Immer mehr Patienten kommen verzweifelt in meine psychotherapeutische Praxis – der Hausarzt hat sie geschickt, dabei haben sie doch körperliche Symptome. Sind sie bei mir wirklich richtig?
Seit etwa Beginn dieses Jahres sehe ich immer wieder anfragende Patienten, die mit Überweisung vom Hausarzt kommen. Anlass: unspezifische Beschwerden – psychotherapeutische Abklärung. Oder: fragliche Depression. Zu meiner eigenen Verwunderung berichten die verzweifelten Personen primär über körperliche Symptome wie etwa Schwindel, Atemnot, Ohrgeräusche, Myalgien und gastrointestinale Beschwerden.
Es ist normalpsychologisch und nachvollziehbar, dass Menschen nach der dritten oder vierten Vorstellung beim Internisten anlässlich derselben Symptomatik eine leichte Verzweiflung an den Tag legen. Viele Patienten fragen sich auch: „Wieso fragt er/sie nochmal? Wieso wird kein Blut untersucht? Wieso gibt es keine körperliche Untersuchung?“
Diese Verzweiflung, die vielleicht bei dem einen oder anderen mit Weinerlichkeit einhergeht, hat mit einer depressiven Symptomatik jedoch wenig zu tun. Ich kann in solchen Fällen auch keine Depression feststellen – auch nach mehreren Explorationsterminen. Anmerkung: Selbst, wenn man von einem vegetativ-larvierten depressiven Störungsbild ausgeht (z. B. nach Wolfersdorf & Laux, 2021), sollte eine körperliche Untersuchung zur Differentialdiagnostik lege artis durchgeführt werden. Warum werden dann viele Patienten körperlich nicht untersucht – und was soll ich als psychologischer Psychotherapeut dann tun?
Besonders verstrickt ist die Situation bei Patienten mit einer vorhergehenden COVID-19-Symptomatik oder auch einer zurückliegenden COVID-19-Impfung. Leider erlebe ich das mittlerweile so, dass manche organisch tätige Kollegen sehr ungehalten reagieren – oder eben auch gar nicht reagieren. Reaktionen von „sowas gibt es nicht!“, über „Sie haben eine Depression, körperlich ist nichts“ bis hin zur totalen Behandlungsverweigerung „am besten, Sie suchen sich eine andere Praxis.“ Liegt es daran, dass es immer weniger Hausarztpraxen gibt – besonders in ländlichen Regionen? Erlebe nur ich als vielleicht extreme Ausnahme diesen Trend oder geht es auch anderen psychotherapeutisch tätigen Kollegen so?

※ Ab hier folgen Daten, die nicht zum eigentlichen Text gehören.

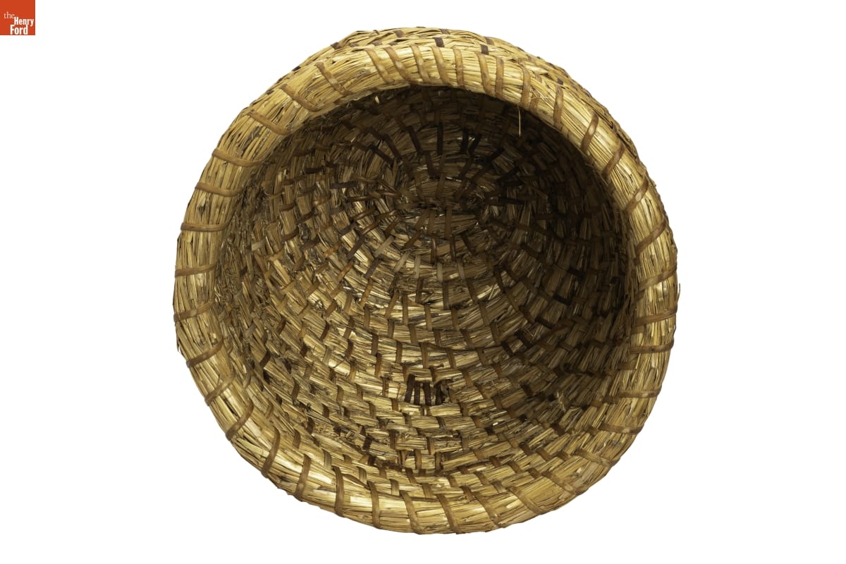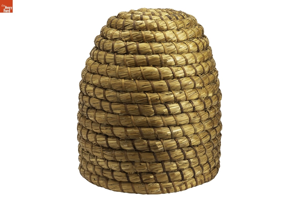 A bee skep provided shelter to domesticated honeybees. A skep consisted of coiled grain straw bound with wood splints. The small opening allowed bees to enter and make their honeycomb to store food to sustain the hive's bee larvae. Beekeepers put skeps near orchards, gardens, and fields with plants needing pollination and harvested the excess honey and beeswax.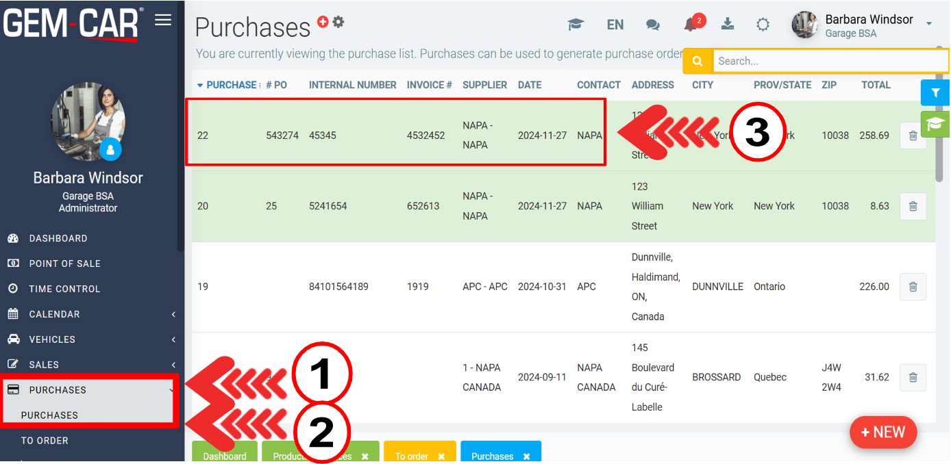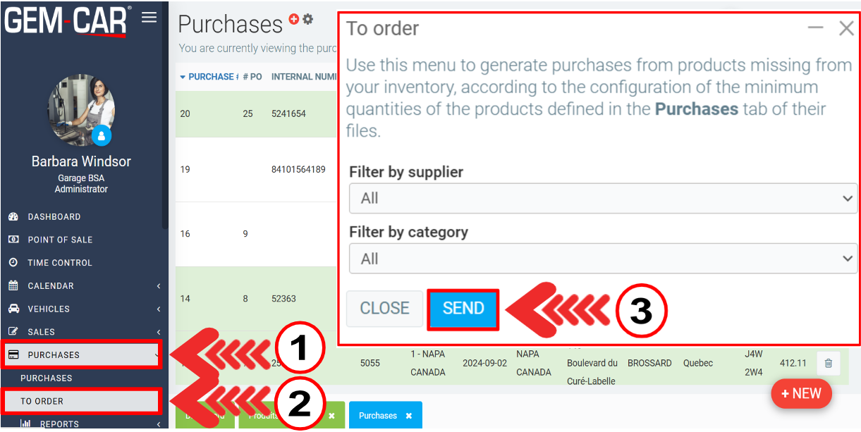 To configure parts to be ordered automatically when the quantity is below the minimum required, click Purchases > To order.
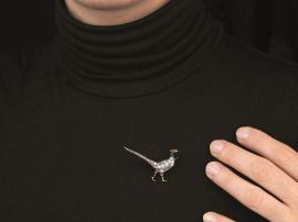 a forma di fagiano, impreziosito sul capo da smalti policromi e sul corpo da diamanti taglio antico e rose di diamante per ct 0.40 circa, dim. cm 4x2, g 4

Zum Glück können wir auch solchen Patienten mit viel Networking und anderen, wiederum sehr hilfsbereiten internistischen Kollegen helfen. Die psychotherapeutische Leistung ist in dem Fall vielleicht, die Betroffenen ernst nehmen, validieren und nicht pathologisieren – und sie dabei unterstützen, eine andere Hausarztpraxis zu finden. Wobei ich mich oft frage, ob dies wirklich zur ambulanten Psychotherapie gehört.
An der Stelle möchte ich noch eines betonen: Vielleicht handelt es sich um Einzelfälle, die akkumulieren und bei mir eine kognitive Verzerrung verursachen (im Sinne einer Verfügbarkeitsheuristik). Es kann sich auch um regionale Unterschiede handeln. Sollte sich dies jedoch auch bei anderen Kollegen ereignen, dann handelt es sich wohl nicht um Einzelfälle.
Kennt ihr das auch? Ich freue mich auf eure Antworten!